— Problem statement —
For this exercise, transcribe all the entries exactly as given and omit the images.

___ Source data ___

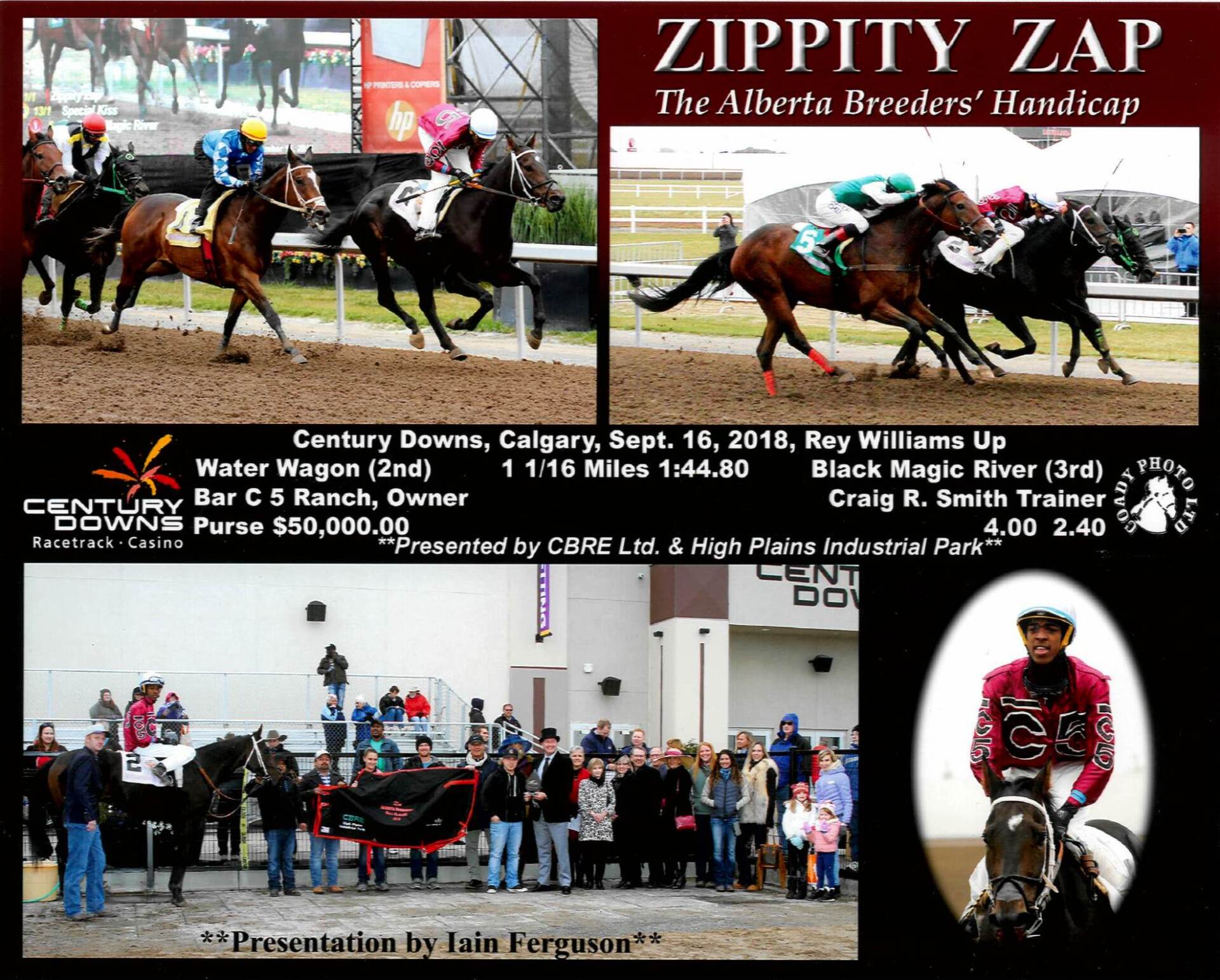 The five year old ZIPPITY ZAP was the winner of the $50,000 ALBERTA BREEDERS’ HANDICAP for Three Year Olds and Up presented by CBRE and High Plains Industrial Park. This Ghostzapper gelding took home the $30,000 portion of the first place purse money for owner Bar C 5 Ranches Ltd. and brought his career earnings to $107,160. The Bar None Ranches Ltd. bred runner is out of a Chester House mare and has placed in three of his four starts this season.
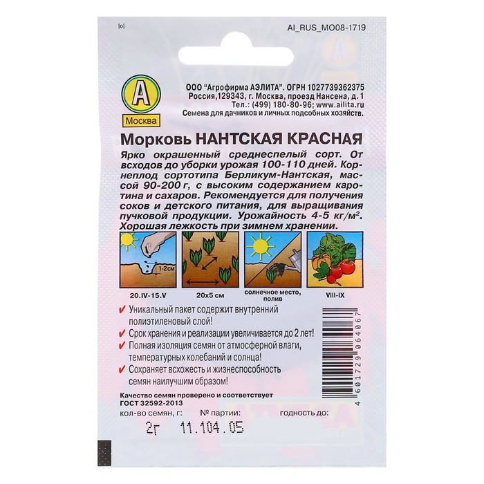 «Нантская красная» — это среднеспелый сорт моркови, у которого период от всходов до технической зрелости составляет 100–110 дней. Обладает устойчивостью к цветушности и высокой лёжкостью.
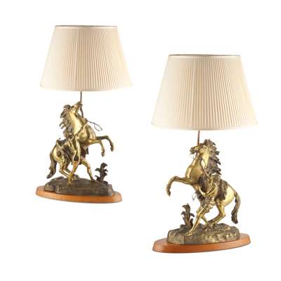 now mounted as lamps, on oval wooden bases with pleated cream shades (2)
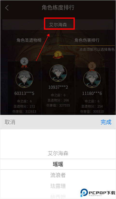 2、然后从上方的角色圣遗物榜切换到伤害榜,点击顶部的名称可以选择不同的角色进行查看。
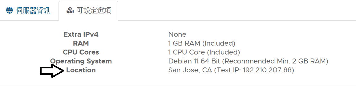 至于机房位置嘛,点击旁边的”Configurable Option”或者”可設定選項”可以看到”Location”也就是机房位置
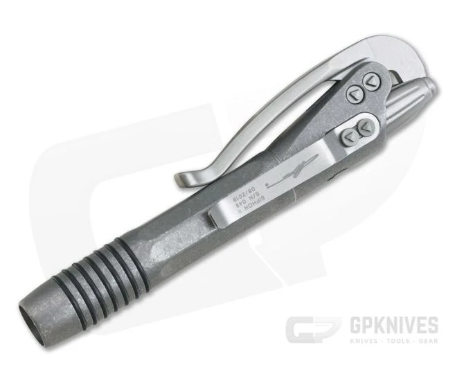 The Signature Series Siphon II Ink Pen from Microtech Knives is an innovative every day carry pen with unique lever operation. This finely crafted writing tool has a stainless steel body with a fully Stonewashed finish that hides wear for use and carry. It’s a conveniently sized (just under 4″ closed) package that expands into a comfortable utensil. This Signature Series is engraved with a Skull engraved on the body.
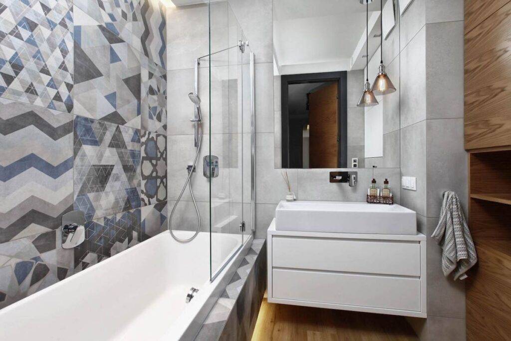 Чтобы избежать однообразия, вы можете подобрать плитку для ванной комнаты не только разных цветов, но и разных фактур и размеров. На некоторые стены можно укладывать плитку крупной плиткой, мозаикой и даже красить плитку небольшого размера.
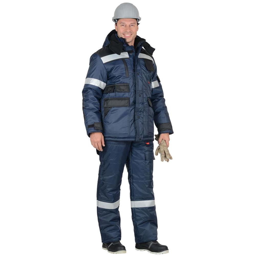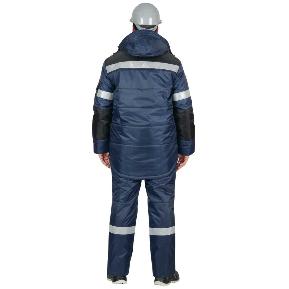 Костюм зимний состоит из удлинённой куртки и полукомбинезона. В костюме предусмотрена светоотражающая лента для обеспечения видимости работающего в тёмное время суток.
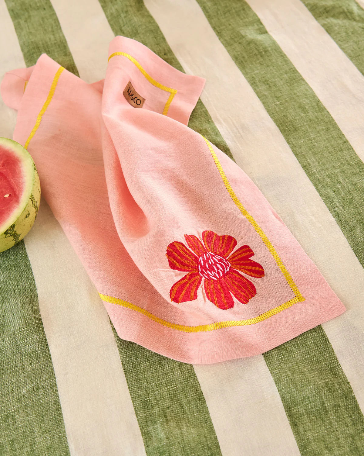 Make a statement with your table décor. The Kip & Co linen napkins aren't just for tidying up; they're playful accents that spark conversations and set the mood for delightful dining moments. Made from 100% French flax linen the Embroidered Linen 4P Napkin Set is simple and sweet.
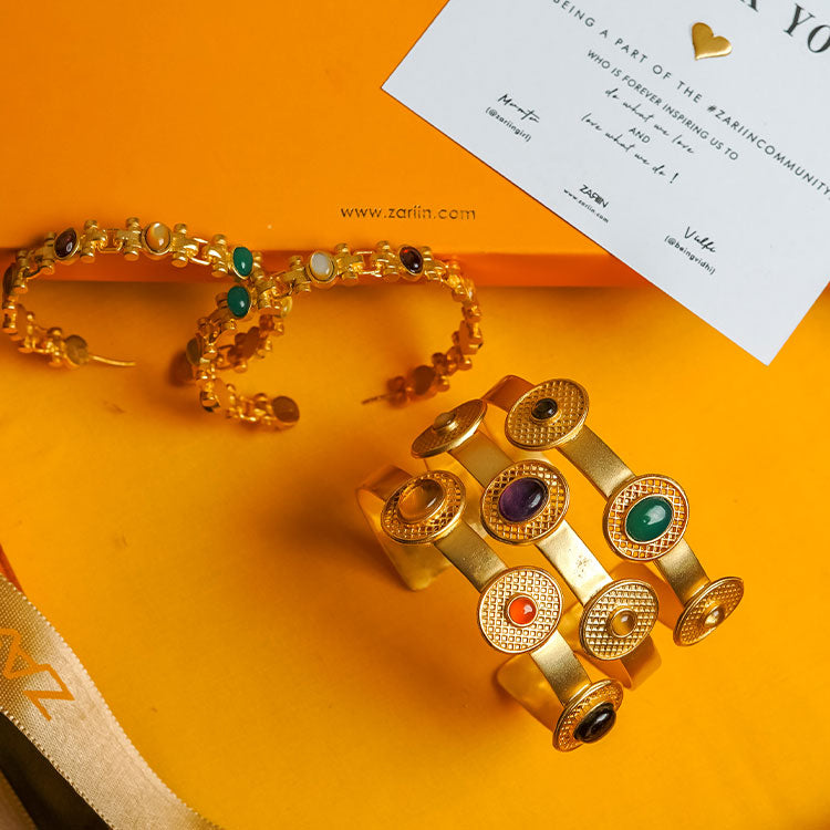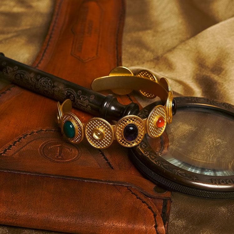 A sleek 22kt gold plated cuff bracelet studded with 9 cosmic gemstones inspired by traditional Navratna jewellery but presented in a contemporary wearable style justifying the modern day aesthetics. The bracelet includes glass Cat's Eye, Green Onyx, Crystal Quartz, Amethyst, Carnelian. Garnet, Mother of Pearl, Citrine and Smoky Quartz.

___

— Reply to the exercise —
 The five year old ZIPPITY ZAP was the winner of the $50,000 ALBERTA BREEDERS’ HANDICAP for Three Year Olds and Up presented by CBRE and High Plains Industrial Park. This Ghostzapper gelding took home the $30,000 portion of the first place purse money for owner Bar C 5 Ranches Ltd. and brought his career earnings to $107,160. The Bar None Ranches Ltd. bred runner is out of a Chester House mare and has placed in three of his four starts this season.
 «Нантская красная» — это среднеспелый сорт моркови, у которого период от всходов до технической зрелости составляет 100–110 дней. Обладает устойчивостью к цветушности и высокой лёжкостью.
 now mounted as lamps, on oval wooden bases with pleated cream shades (2)
 2、然后从上方的角色圣遗物榜切换到伤害榜,点击顶部的名称可以选择不同的角色进行查看。
 至于机房位置嘛,点击旁边的”Configurable Option”或者”可設定選項”可以看到”Location”也就是机房位置
 The Signature Series Siphon II Ink Pen from Microtech Knives is an innovative every day carry pen with unique lever operation. This finely crafted writing tool has a stainless steel body with a fully Stonewashed finish that hides wear for use and carry. It’s a conveniently sized (just under 4″ closed) package that expands into a comfortable utensil. This Signature Series is engraved with a Skull engraved on the body.
 Чтобы избежать однообразия, вы можете подобрать плитку для ванной комнаты не только разных цветов, но и разных фактур и размеров. На некоторые стены можно укладывать плитку крупной плиткой, мозаикой и даже красить плитку небольшого размера.
 Костюм зимний состоит из удлинённой куртки и полукомбинезона. В костюме предусмотрена светоотражающая лента для обеспечения видимости работающего в тёмное время суток.
 Make a statement with your table décor. The Kip & Co linen napkins aren't just for tidying up; they're playful accents that spark conversations and set the mood for delightful dining moments. Made from 100% French flax linen the Embroidered Linen 4P Napkin Set is simple and sweet.
 A sleek 22kt gold plated cuff bracelet studded with 9 cosmic gemstones inspired by traditional Navratna jewellery but presented in a contemporary wearable style justifying the modern day aesthetics. The bracelet includes glass Cat's Eye, Green Onyx, Crystal Quartz, Amethyst, Carnelian. Garnet, Mother of Pearl, Citrine and Smoky Quartz.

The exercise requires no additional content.